REPORTAGEParis: A la gare du Nord, le Brexit s'invite sur le quai de l'Eurostar

Brexit: A gare du Nord, les passagers de l'Eurostar entre joie, peur et incompréhension

REPORTAGELes passagers de l’Eurostar entre Paris et Londres réagissent ce vendredi matin après l’annonce des résultats du référendum pour la sortie de l’UE du Royaume-uni…
Florence Floux

Florence Floux

A la gare du Nord à Paris, ce vendredi matin, la vie continue. Après l’annonce du Brexit tôt dans la matinée, les voyageurs se patientent normalement pour prendre l’Eurostar en direction de Londres. Pourtant, si en apparence rien n’a changé, les esprits semblent plutôt marqués par la sortie de l’Union européenne du Royaume-Uni.

« Bruxelles se mêle beaucoup de ce qui ne la regarde pas »

George, 50 ans, un Londonien venu soutenir son équipe nationale pour l’Euro de football, ne cache pas sa joie. « C’est très bien, je suis très content du résultat du référendum. J’ai moi-même voté en faveur de la sortie par correspondance. Bruxelles nous dictait ce que nous devions faire, là au moins nous allons reprendre le pouvoir dans notre pays », s’enthousiasme-t-il. D’autant que pour lui, les Britanniques « ne voulaient pas entrer dans l’UE à la base, mais personne ne nous a demandé notre avis. Ce n’est que justice que nous puissions réparer tout ça aujourd’hui. »

Un son de cloche qui fait résonance également chez certains Français. « Je suis plutôt souverainiste, je comprends tout à fait leur choix, commente Andrea, 25 ans, chercheuse en philosophie et en histoire des religions, en route pour un colloque à Oxford. C’est une bonne chose de reprendre les rênes de sa propre économie. » Patrice, un Français de 40 ans qui vit en Angleterre depuis 1998, comprend également le choix des Britanniques : « Je suis d’accord avec leur vote, il y a beaucoup de choses dans l’UE qui ne vont pas. Bruxelles se mêle beaucoup de ce qui ne la regarde pas. »

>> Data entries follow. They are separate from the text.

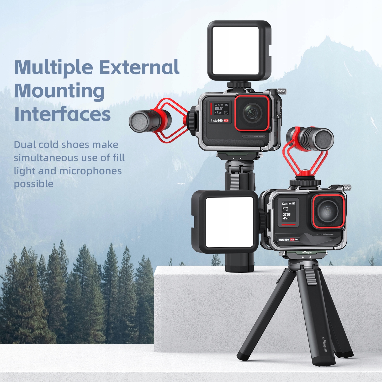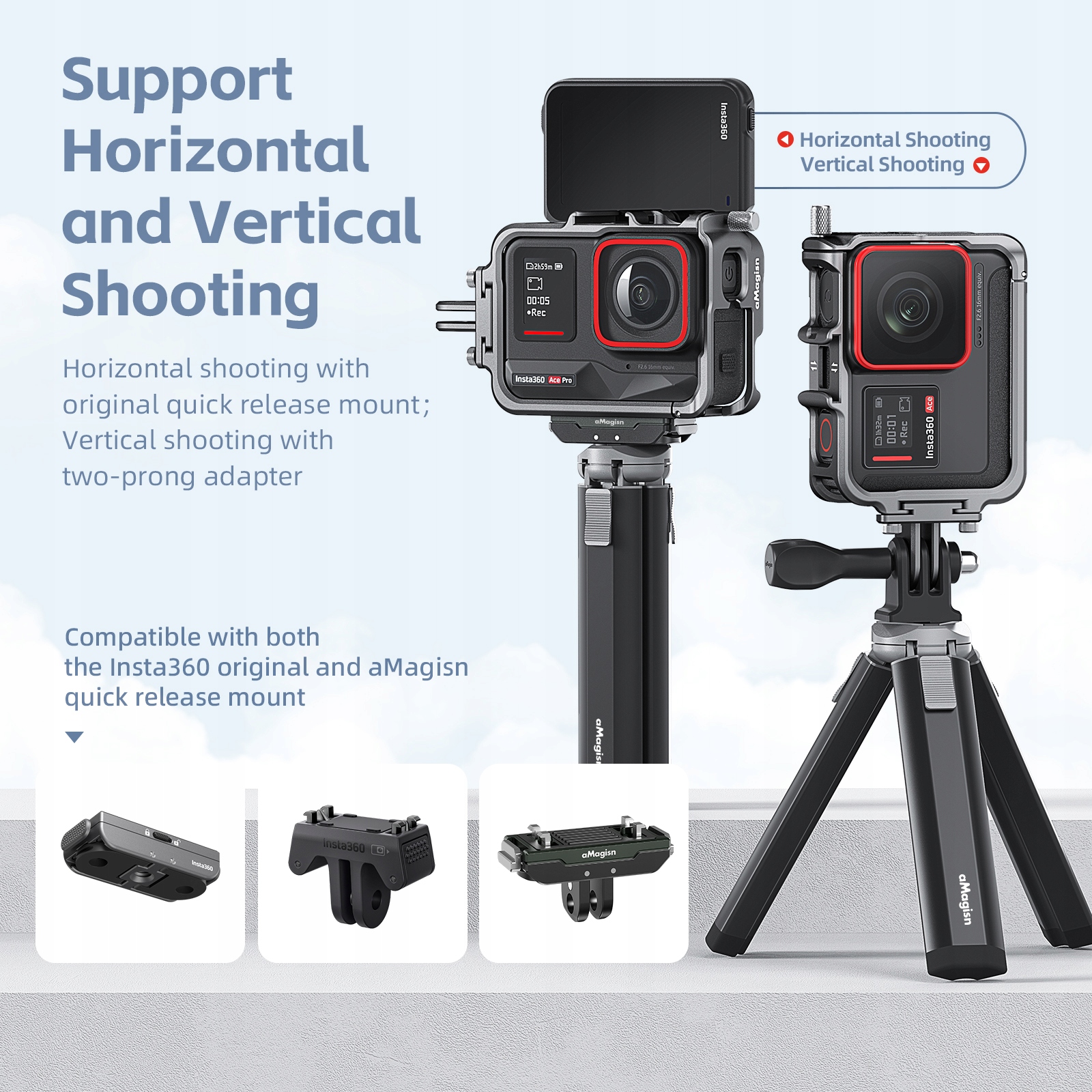 быстрое выпуск закрепления также совместим с монтажными точками на клетке кадра, поскольку он принимает не магнитную структуру направления колонны. Вам не нужно переустановить ручку быстрого выпуска; Достаточно повернуть камеру на 180 °, чтобы свободно переключаться между выстрелами спереди и селфи.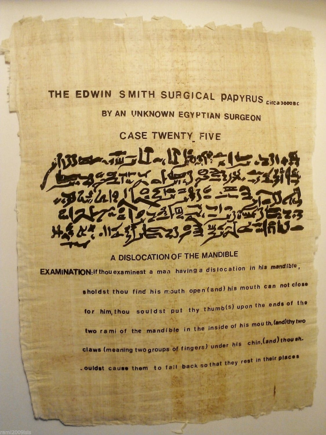 FEATURES CASE TWENTY FIVE OF THE EDWIN SMITH SURGICAL PAPYRUS CIRCA 300 B.C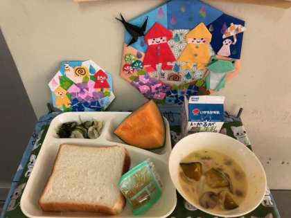 今日の給食では、わかめ、茎わかめ、昆布、赤とさかのりを使った、「ミックス海そうのサラダ」が登場しました。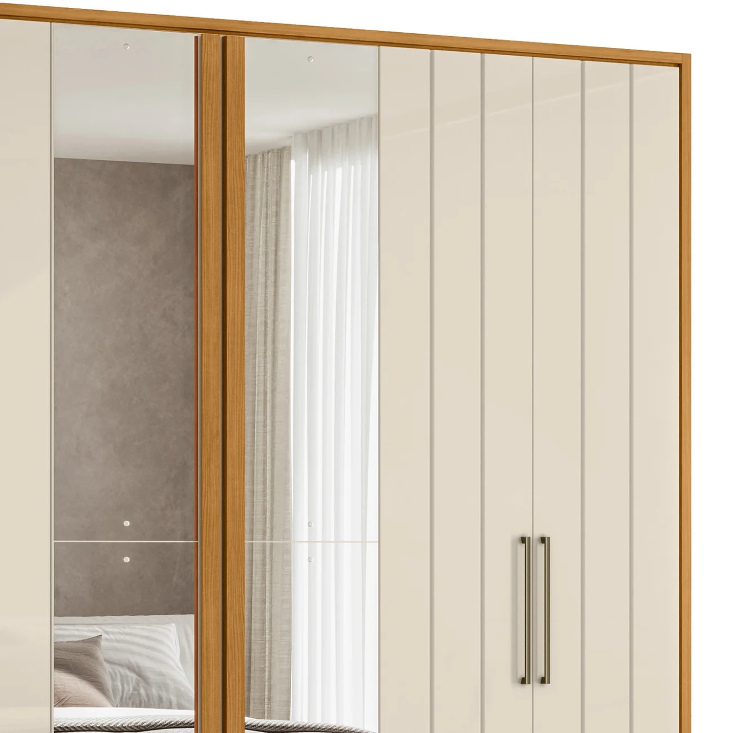 As portas convencionais do Guarda Roupa Casal contam com dobradiças metálicas com amortecimento, oferecendo um fechamento suave e silencioso. São seis portas sendo duas centrais com espelho, e prateleiras internas que facilitam a organização e acomodação dos mais diversos itens. Os puxadores em MDF, combinados com puxadores laterais em alumínio, complementam o design moderno e funcional.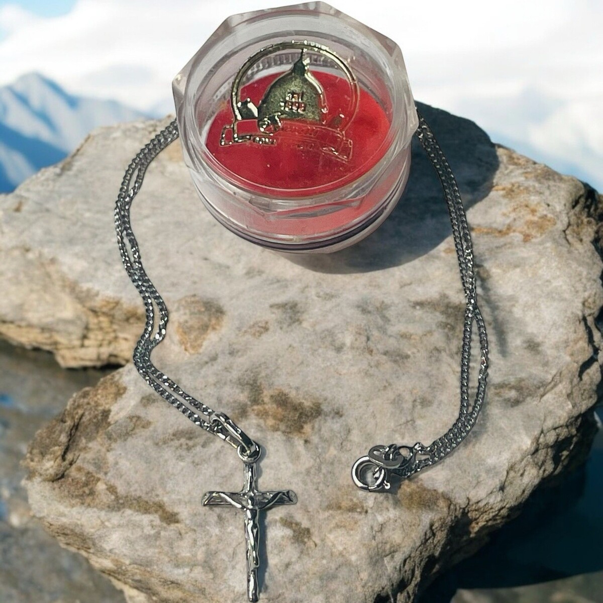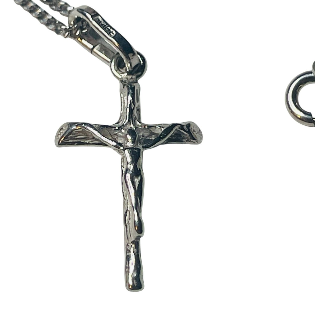 This vintage crucifix necklace is a beautiful piece of religious jewelry that would make a great addition to any collection. The necklace features a sterling silver metal crucifix pendant and comes in a plastic case. The pendant showcases a stunning design and is made in Italy.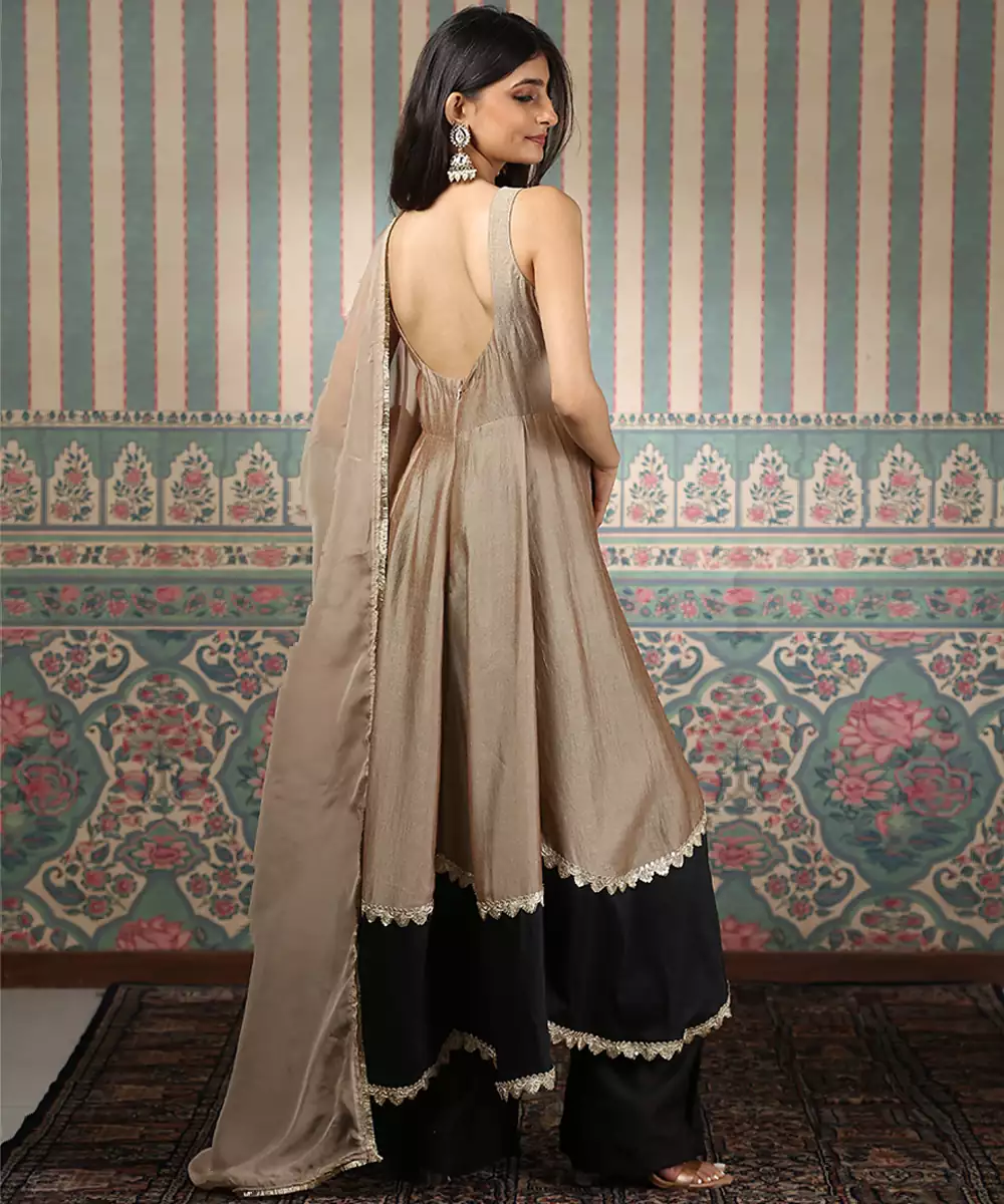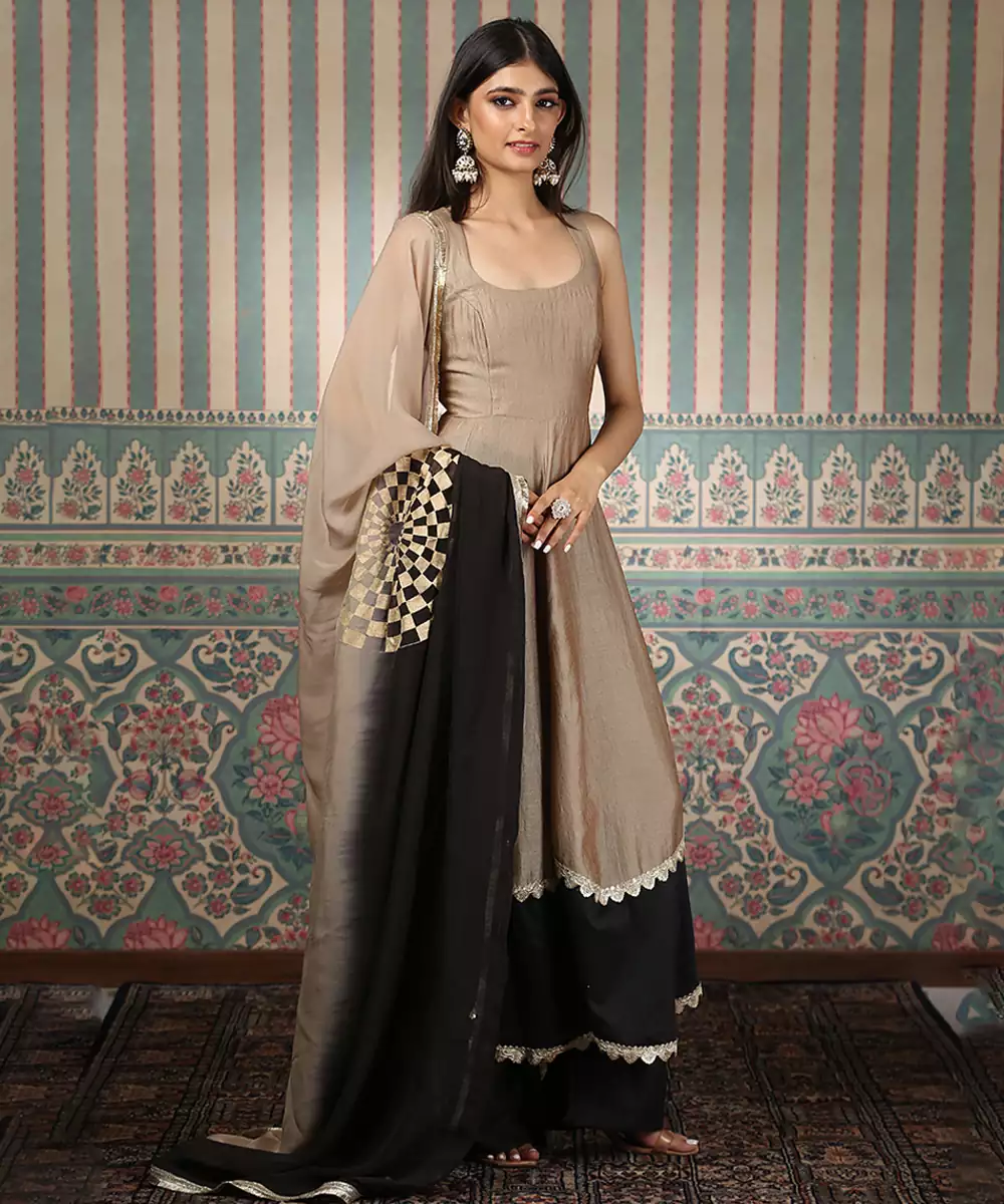This Beige And Green Embroidered Silk Blend Anarkali Set Embodies Timeless Elegance And Regal Charm. Crafted From A Luxurious Silk Blend Fabric, It Features Intricate Embroidery That Adds A Rich, Refined Touch. Perfect For Festive Occasions And Weddings, It Offers A Flowing Silhouette, Premium Comfort, And Classic Ethnic Appeal.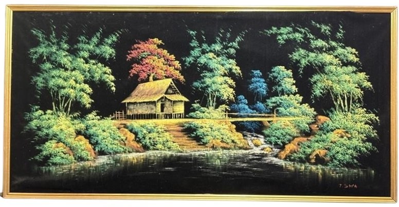 T.SWAAcrylic On Black Velvet, FramedTitle: Balinese Riverside Landscape With HutSignature Details: Signed Lower Right T.SwaCondition: Fair - Refer To ImagesSr562196+6
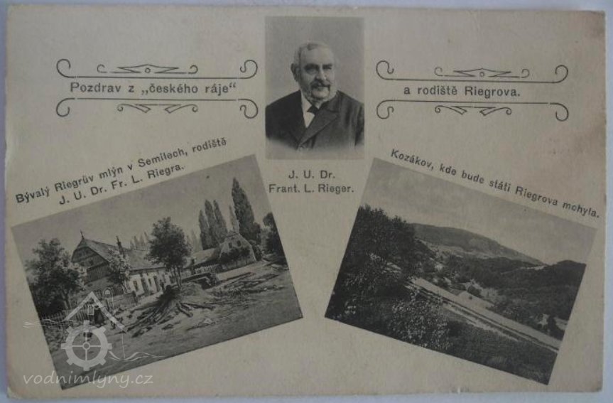 10.12.1818 - se ve mlýně jako jejich jediný syn narodil František Ladislav Rieger (+3.3.1903 v Praze) - známý český politik 19. století a poslanec říšského sněmu ve Vídni, vyučen mlynářem a sekerníkem, 4.10.1838 přijat do cechu mlynářského, při tom si však poranil ruku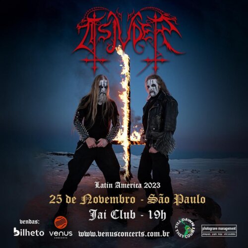 A turnê é uma realização da Vênus Concerts, em parceria da TDTC / Dynamo Prod. A banda está na ativa há 30 anos e foi formada na gélida Oslo, na Noruega. Com Nag (Jan-Erik Romøren, vocais e baixo) e Draugluin (Halvor Storrøsten, guitarra e vocais) desde os primórdios, o Tsjuder é representante do alto escalão da chamada ‘Segunda Onda do Black Metal Norueguês’ e ganhou notoriedade pela crueza extrema das composições, além de influências do thrash metal. Para a segunda vez nas Américas, o Tsjuder trará no set list algumas músicas do ainda inédito Helvegr, o sexto álbum da carreira, lançado em junho deste ano pelo gigante selo francês Season of Mist. Em uma das edições limitadas do novo álbum, o Tsjuder presta tributo ao Bathory, lenda do black metal, com a música “Scandinavian Black Metal Attack”. O nome Tsjuder foi escolhido de um filme norueguês chamado Pathfinder (Veiviseren). O Tsjuder (ou Chud) era uma tribo mítica da Finlândia do Norte. Os demais discos da carreira da banda norueguesa são Kill for Satan (2000), Demonic Possession (2002), Desert Northern Hell (2004), Legion Helvete (2011) e Antiliv (2015). Acompanhe o Tsjuder: instagram.com/officialtsjuder. SERVIÇO TSJUDER EM SÃO PAULO TSJUDER EM BRASÍLIA |

Mais l’économie n’est pas toujours l’argument mis en avant par les partisans du « Leave ». Pour George, c’est la question de l’immigration, qui s’est révélée cruciale : « Lorsque vous êtes dans l’UE, vous ne pouvez pas vous débarrasser de certains immigrés qui commettent des crimes ou des délits. Bruxelles vous oppose tout de suite l’argument des droits de l’homme pour ne pas les renvoyer dans leur pays. Mais c’est fini tout ça. » Une opinion qui s’est encore un peu renforcée après les attentats du 13 novembre, dont certains kamikazes avaient emprunté la route des migrants.

« J’espère qu’ils ne vont pas nous renvoyer chez nous »

Si certains voient dans ce vote de rejet de l’Union européenne des raisons logiques et plutôt séduisantes, la tristesse et la peur dominent tout de même. « J’ai beaucoup pleuré ce matin, avoue Patrice. Je suis très inquiet. Je vis à Londres depuis vingt ans, mon copain est anglais, mes amis sont là-bas. J’espère qu’ils ne vont pas nous renvoyer chez nous. Même si je comprends leur vote, ça me fait bizarre de me dire qu’ils ne veulent plus de nous. »

Sacha et Julien, 16 ans, lycéens à Londres, se demandent également ce que leur prépare l’avenir. « Je suis triste de ce vote, je pense que ça va être très difficile pour nous maintenant », s’inquiète la jeune Anglaise, quand son copain français lui, s’interroge sur ses futures conditions d’études. « Je ne sais pas si ça va avoir des conséquences pour moi, si je vais avoir besoin d’un visa. Je ne pensais pas que cela arriverait. »

L’angoisse des matins qui déchantent

Les Britanniques et les Français ne sont pas les seuls à s’inquiéter. Pour Ugo, journaliste italien d’une cinquantaine d’années en vacances à Paris, tout cela n’annonce rien de bon. « Pour la première fois de ma vie, j’ai peur du futur. Nous les Européens, nous refusons d’étudier notre histoire. La Normandie, c’était il y a seulement soixante-douze ans. Et pourtant, aujourd’hui nous avons tous ces populistes anti-immigration partout, en Angleterre, en France, en Italie… C’est une sorte de nouveau fascisme du 21e siècle. J’espère que la comparaison s’arrêtera là. »

Pour tous, il est l’heure d’embarquer à bord de l’Eurostar qui doit les emmener au coeur de la cité londonienne. « J’espère qu’ils ne vont pas m’empêcher d’entrer », sourit Patrice, à moitié sérieux.